If I place the ! before the parenthesis enclosing the rest of word
groups, I still get "muerto en tierra". If I place it before the
parenthesis including the word group "en tierra" (like this ➝
!([word="en"][word="tierra"]) I still get "muerto en tierra".
I assume the example that appears in the manual (i.e. [(lemma="go") &
!(word="went"%c | word="gone"%c)]; ) works but I'm wondering whether the
'!' operator only works when it appears within a group enclosed in '[ ]'.

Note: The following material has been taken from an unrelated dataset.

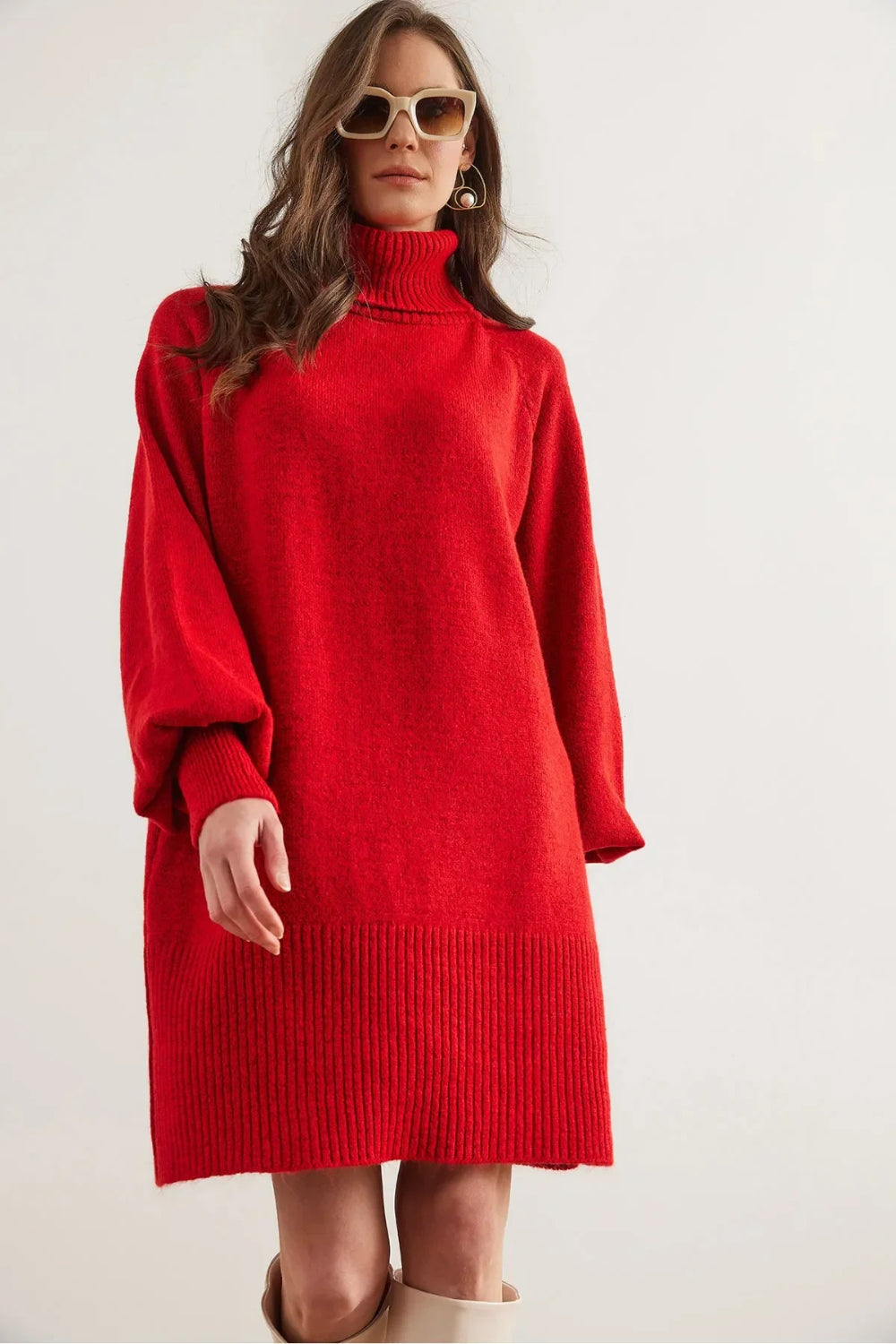 Turtleneck Balloon Sleeve Loose Knit Dress

The kind of regular expression I'm using cannot be all included within
'[ ]'. When I don't use the ! operator it works perfectly and I get
"muerto en tierra", "muerto entierra", "muerto del cavallo", etc. Why
can't I negate the whole thing by placing a single ! somewhere? I've
tried placing the ! after the first parenthesis and it doesn't work either.
JM
> Maybe I'm wrong, but I understand that you want nothing from the ! on....
>
> check this regex from the manual:
>
> [(lemma="go") & !(word="went"%c | word="gone"%c)];
>
>
> I hope it is what you're looking for, if so, it is just a thing of
> notation....
>
>
>
> El Mar, 28 de Julio de 2020, 19:56, Josep M. Fontana escribió:
>
> Thanks Andrews and/or Andreses for your quick responses,
>
> I have had problems with both of our suggestions. In principle I would
> like to use a single ! operator for the whole regular expression
> pattern rather than having to add it to every relevant subpattern.
>
> But wherever I place the '!' i don't seem to get the desired results.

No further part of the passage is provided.